Documentation ¶
Index ¶
- func ServerCertificateValidator(base *tls.Config, verbose bool) *tls.Config
- func SignCSR(csr *x509.CertificateRequest, signingBundle *MultiKeyCertBundle) ([]byte, error)
- func ValidateMultiKeyCSR(csr *x509.CertificateRequest) (*x509.CertificateRequest, error)
- func ValidateMultiKeyDERCSR(derCSR []byte) (*x509.CertificateRequest, error)
- type MultiKeyCertBundle
- type PQKeyBundle
Constants ¶
This section is empty.
Variables ¶
This section is empty.
Functions ¶
func ServerCertificateValidator ¶
ServerCertificateValidator returns a tls.Config which validates post-quantum signatures on all verified chains (i.e., chains which have had their legacy signatures verified), based on the given base config. The returned value is an augmented clone of the base; base is not modified
func SignCSR ¶
func SignCSR(csr *x509.CertificateRequest, signingBundle *MultiKeyCertBundle) ([]byte, error)

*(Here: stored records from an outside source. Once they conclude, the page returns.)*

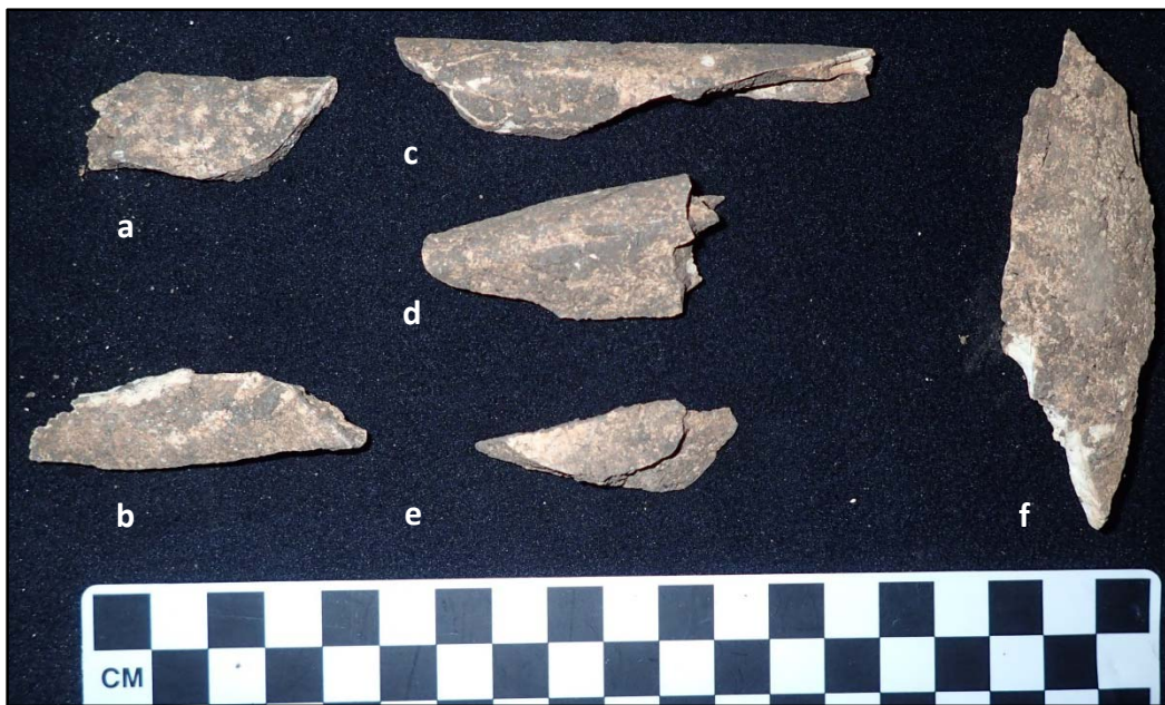
Figure 13: Large mammal long bone fragments from 41BX2131: a and b) EU 1, Level 3; c through e) EU 1, Level 4; f) EU 1, Level 6.
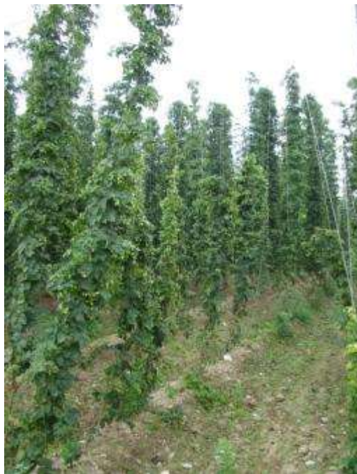
Foci of infected plants with spreading pattern along the rows.
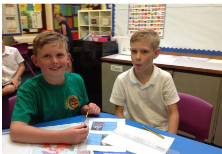
Violet class learning about Argentina.

Day of Languages. Every class was allocated a different country (not only from Europe, but from around the world) and the pupils spent the afternoon learning about their country in more depth. Spanish food was
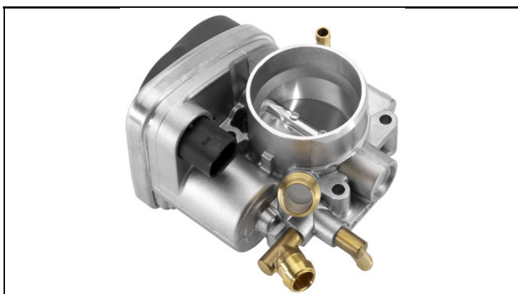
1 - Produkt / Product
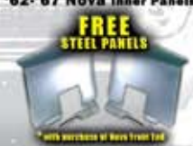
with hardware of Nova Front End

Please Mention this Ad for your Special Package Deals
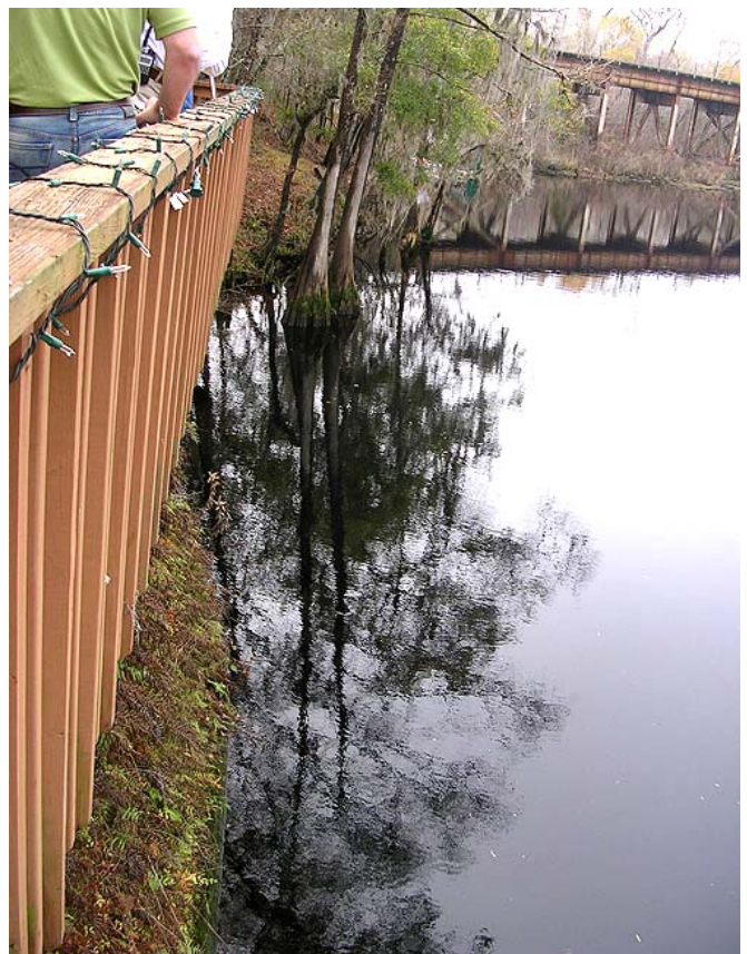
View facing west from below the trestle house.

SignCSR takes a parsed certificate request, validates it and signs it using both legacy and post-quantum signatures
func ValidateMultiKeyCSR ¶
func ValidateMultiKeyCSR(csr *x509.CertificateRequest) (*x509.CertificateRequest, error)
ValidateMultiKeyCSR validates that the pq key and signature extensions are present and valid in the given CSR. Returns the same CSR on success.
func ValidateMultiKeyDERCSR ¶
func ValidateMultiKeyDERCSR(derCSR []byte) (*x509.CertificateRequest, error)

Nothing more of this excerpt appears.